Dear Mister Congressman
August 16, 2009 5:42 PM
I'm not sure if you're a Democrat or a Republican. I'm not sure if you're for health care reform or against it. I'm not even sure what the details of the proposed plans are, but I'm pretty sure that the conservative spin-makers calling it "socialized" and painting it with communist overtones are trying to shove bullshit down our throats.
I don't have healthcare. I'm 28 years old, I never got a degree, and despite the fact that I work full time for VCU, I'm not eligible for employee coverage. I doubt that I can afford private health care, but it's not as if I've made the effort to look into it. After all, I'm much too busy poisoning myself with alcohol and playing video games to really care.
I might be okay for another ten years, but one day when I'm forty-two and I suddenly find out that I've had rectal cancer for a decade, I'm going to wonder why I didn't make more of an effort to pay visits to a doctor. Oh, wait, I know: it's because even though I'm a young, attractive white male, I'm still not offered the best opportunities in America. The sad part is, even if I had gone to MCV for regular checkups, they'd have done their best to get my ass out of the office and back onto the street in such short time that my real problems would have either been misdiagnosed or looked over entirely.
The people who benefit from health insurance profits want us to think that government involvement in our health care system will suddenly turn our hospitals into Russian chop shops. They want us to believe that we have the "best health care system in the world," but what does a vague blanket-statement like that even mean? Staunch supporters of the Right won't even bother to ask that question; they just nod in agreement with blind faith and hoot affirmations that could rival the testaments of a Baptist choir.
No, the pervading truth is that our system has major flaws, and as long as it's being plundered by a money-hungry system, it's only going to become more and more neglectful. Face facts: being paid lots of money does not make the quality of your product higher. This is the myth that perpetuates the system we currently have in place, and it's time to prove that it isn't true. I took a trip to Toronto, and I certainly didn't see city streets littered with the dying bodies of the sick. I saw people who got the medical attention they needed in an acceptable time frame and who didn't have to mortgage a house in order to pay for it.

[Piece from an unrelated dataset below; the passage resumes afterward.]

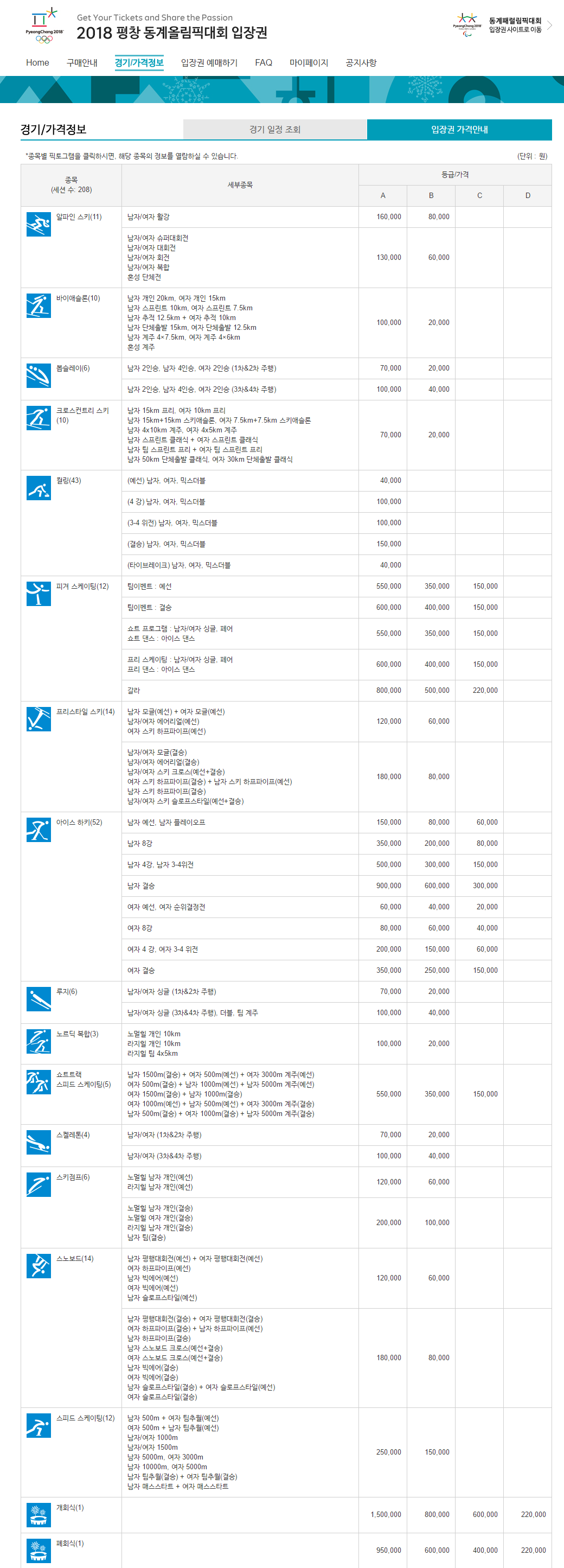 계회식 가격이 150만원 그 외에 한국인에게 인기 있는 종목은 가격이 타 경기 비해 2배는 비싸네요.

The Right likes to think that if they put the responsibility of going out and solving our own health insurance problems on our shoulders, it will encourage us to do so. Unfortunately, our society has convinced us to spend our time being much too busy drinking beer, watching Heroes and getting laid to give a fuck. Americans can't completely take care of themselves. Even those of us who know we're not doing a good enough job still don't have the motivation (or money) to actually go out and do it.
Long story short: whatever this "health care reform" is, it can't be any worse than what I have now. If you don't support it, change your mind. If you already do, stop being such a wimp about it and sock it back to the fearmongering liars who keep spreading disinformation.